Still, our view remains that there are significant risks from Brexit that continue to drive uncertainty in the economy. Companies are potentially leaving Britain, some have already done so, and there is considerable uncertainty out there when it comes to trade. There are a lot of trade deals in place today with Britain as part of the European Union. Until the details are hammered out in the years to come, it will remain unclear what trade will look like between the U.K. and the European Union, going forward.
One bright spot for the country is the price of oil. Unlike Canada where there is a fairly healthy discount on oil stocks, due to our lack of pipeline and refining capacity – issues that are not present in Britain – the U.K. is better positioned to benefit from the rising price of oil. Our view today is that we will probably continue to see strength in oil. Although we will likely see prices rise above US$80 a barrel by the end of the year, we don’t believe the long-term equilibrium crude price will remain much higher than US$70 a barrel.
But back to the royal wedding and its impact on the rest of Britain’s economy. It’ll be several months before we know for sure if the economic activity taking place ahead of the wedding will result in any meaningful blip in the country’s GDP numbers. Despite the breathless headlines, historically, royal weddings have had little impact on the economy.

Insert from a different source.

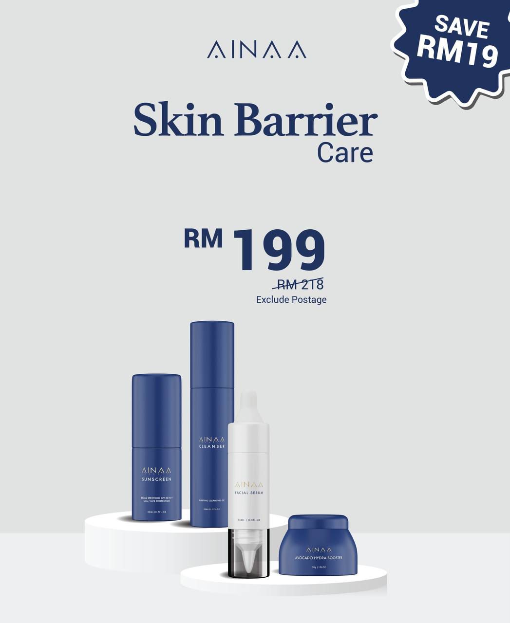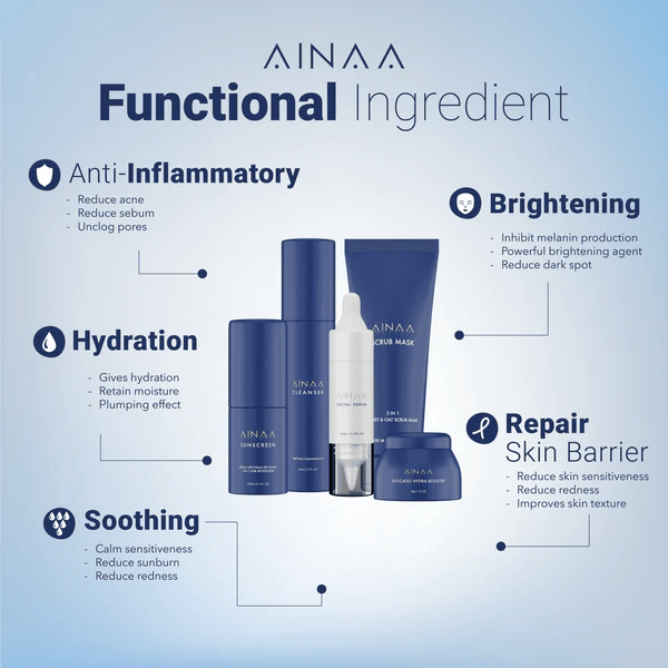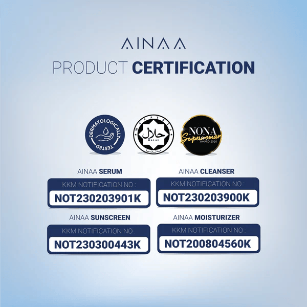 This set includes AINAA Serum, Cleanser, Moisturizer, and Sunscreen.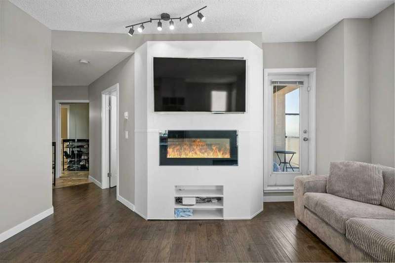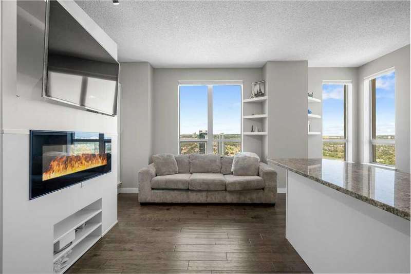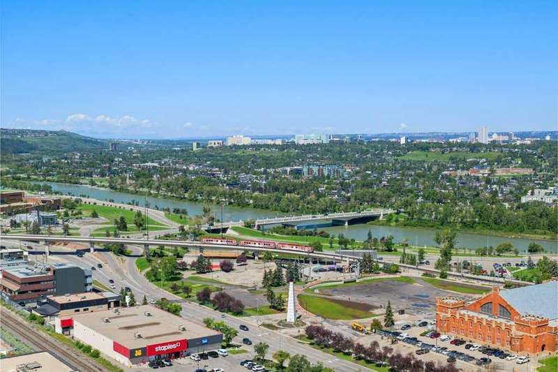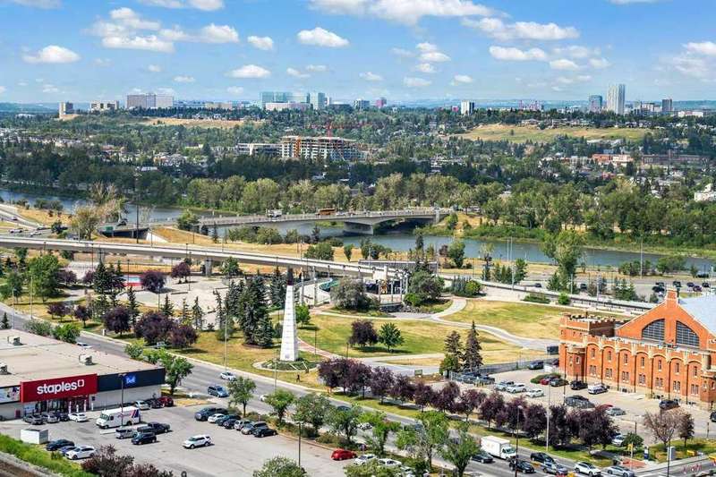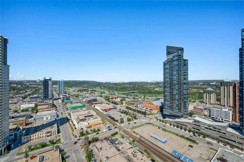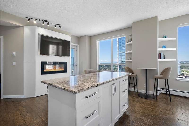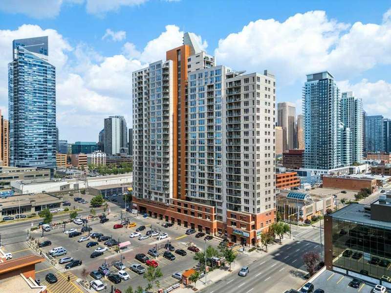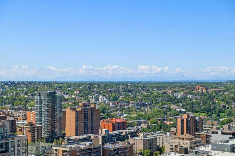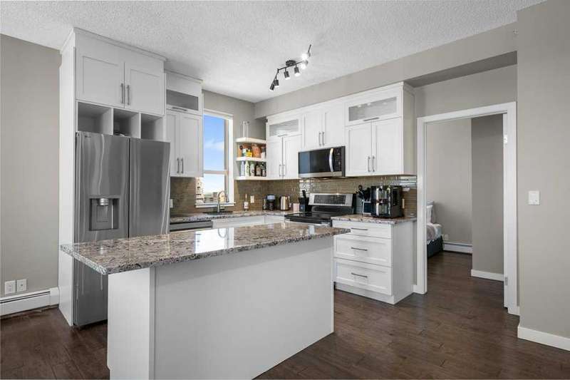 Penthouse living meets affordability: come take in the million dollar views - without the huge price tag! This 2 bedroom, top floor NW corner unit looks right out to the river + mountains while being positioned in the heart of the Beltline. Reap the benefits of all the upgrades in this reconfigured floor plan: neutral colour palette, wood flooring, electric fireplace + entertainment niche. The modern kitchen shines as the heart of the home: granite countertops. stainless steel appliances, clean white ceiling height cabinets + tile backsplash. Cozy up in the dining nook or unwind on the sofa in front of your favourite show. Head out to the west facing patio, crack a beverage, turn on the BBQ and really enjoy the endless viewpoints while waiting for the sunset. Retreat to the primary bedroom that features a dual door closet while the second bedroom is ideal for a murphy bed or home office. Get ready for the day in the stylish bathroom showcasing granite counters and a vessel sink. The unit comes with in-suite stacking washer + dryer plus an underground parking stall. Condo fees include all your main utilities! The building hosts a large fitness room along with concierge. Talk about convenience when the grocery store is right outside your door! You are also able to walk to all of your favourite pubs, restaurants, coffee shops + boutiques along with the c-train line, river pathways and downtown office core. A chance to elevate your life and live up top.

When Prince William and Kate Middleton married in April 2011, the nuptials in fact held growth back to a degree when U.K. citizens were given a bank holiday to watch the ceremony and participate in public celebrations. This time around there is less risk of an economic pull back. Downing Street representatives have said repeatedly that there will not be a holiday called this time around. Because the wedding is scheduled to take place on a Saturday, fewer people are expected to be missing work to celebrate.
In short, I’ll be watching the wedding with great interest, but the U.K.’s economic issues will need more than souvenir shot glasses and tea towels to fix. At MD Financial Management we’ve planned accordingly with Brexit, we continue to watch the price of oil and the impact this wedding might have on the economy, but our view on Britain remains unchanged at this time.